Shirley MacLaine and her independent onscreen daughter rarely see eye-to-eye in this movie, which follows their lives through several decades, but they nevertheless share a strong bond that remains true when the younger woman is diagnosed with terminal cancer.
Martha “Mama” Hanson in “I Remember Mama”
In a mother-daughter riff on “The Gift of the Magi,” Irene Dunne as Mama sells her treasured brooch to buy a dresser set as a gift for her daughter’s graduation, but when the girl finds out what her mother has done she sells back the set to regain Mom’s beloved heirloom.
M’Lynn Eatenton in “Steel Magnolias”
In this terminal illness tear-jerker, Sally Field plays M’Lynn Eatenton, a well-to-do
Southern gal who has spent her life watching out for her diabetic daughter.
Her worst fears are realized when Shelby (Julia Roberts) denies her mother’s wishes and gets pregnant, putting her life at risk.
Among other motherly deeds, Field donates a kidney to Shelby in a failed bid to save her, cares for Shelby’s young son and is the last one in the room when Shelby’s dies.
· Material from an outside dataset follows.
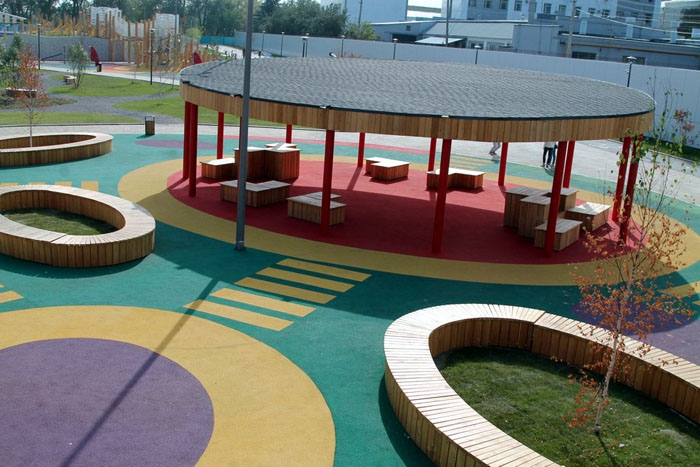 Детскую площадку про которую я писал в прошлый раз сделали как надо — покрыли разноцветной резиновой крошкой. Прям бользам на душу.

She’s the ultimate self-sacrificing mother.
Marge Simpson in “The Simpsons Movie”
Perhaps the very mommiest of moms, Marge Simpson (voice of Julie Kavner), who appeared in theaters in last year’s big-screen version of “The Simpsons,” is the glue that holds together the gears of this dysfunctional cartoon family. Whatever crazy schemes Homer cooks up or whatever trouble Bart gets in, Marge is there to keep everyone in check.